Abstract Despite remarkable progress in treating B cell malignancies, T cells expressing chimeric antigen receptors (CARs) remain largely ineffective in solid tumors. We demonstrated that unlike conventional T and CAR-T cells, Vα24-invariant natural killer T cells (NKTs) and CAR-NKTs effectively traffic to tumor sites in xenogeneic models

of neuroblastoma (NB), which led to initiation of a first-in-human phase 1 clinical trial evaluating autologous GD2- specific CAR-NKTs in children with NB. Interim results from this trial have shown that the treatment is well- tolerated and produces antitumor activity, underscoring the need for systematic investigation of NKTs as an

alternative cellular platform for CAR-redirected immunotherapy. We reported that repeated antigenic stimulation of NKTs and CAR-NKTs leads to their effector-like differentiation, exhaustion, and loss of antitumor activity. Our preliminary data demonstrate that Wnt signaling—specifically, activation of transcription factor LEF1—is required

and sufficient for maintenance of the CD62L+ central memory-like NKT subset and is associated with NKT metabolic and functional fitness. These findings provide rationale for examining the role and potential therapeutic targeting of LEF1 in CAR-NKTs for cancer immunotherapy.

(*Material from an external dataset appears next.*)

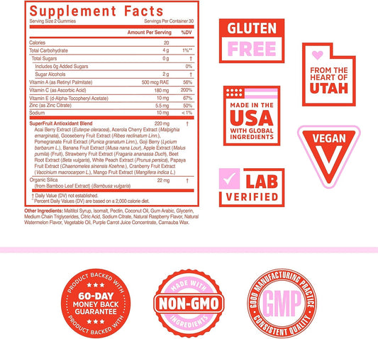 Superfruit Multivitamin Gummies with 13 Natural Superfruits - Rich in Vitamins A, C, E, Zinc - Immunity, Digestion, Energy - 60 Vegan Gummies

Pre-clinical in vivo studies of CAR-NKTs have been

limited to xenogeneic models, which do not allow for evaluation of the full spectrum of downstream innate and adaptive immune responses. To address this gap, we have developed protocols to generate and expand highly pure murine NKTs that express a murine CAR targeting the GD2 antigen expressed on human and murine NB

cells. We have also adapted a syngeneic NB model that faithfully recapitulates the clinical and pathological characteristics of high-risk NB in children. We hypothesize that 1) LEF1 transcriptional activity is required for and can be therapeutically enhanced to maintain CAR-NKT cell metabolic fitness, in vivo persistence, and

durable antitumor activity; and 2) CAR-NKT antitumor activity depends on direct targeting of tumor cells, control of tumor-associated macrophages, transactivation of NK cells and induction of tumor-specific T cells. These hypotheses will be tested in the following specific aims: 1) to examine and therapeutically explore the

mechanism responsible for maintenance of human central memory-like NKT and CAR-NKT cells, and 2) to explore the mechanism by which CAR-NKTs mediate antitumor activity in a syngeneic NB model. We will use genetic loss-of-function and gain-of-function approaches to study the role of LEF1 in CAR-NKT functional

differentiation, metabolism, and antitumor activity using in vitro experimental systems with human cells and in vivo xenogeneic NB models in mice. To study the mechanism by which CAR-NKTs mediate antitumor activity in the syngeneic setting, we will perform a side-by-side comparison of murine NKTs and T cells expressing a GD2-

specifc CAR. The proposed experiments will mechanistically dissect the contributions of the native NKT cell TCR, the tumor-specific CAR, and therapy-induced innate and adaptive immune responses. The results will inform development of next-generation CAR-NKT immunotherapy for NB and other types of cancer.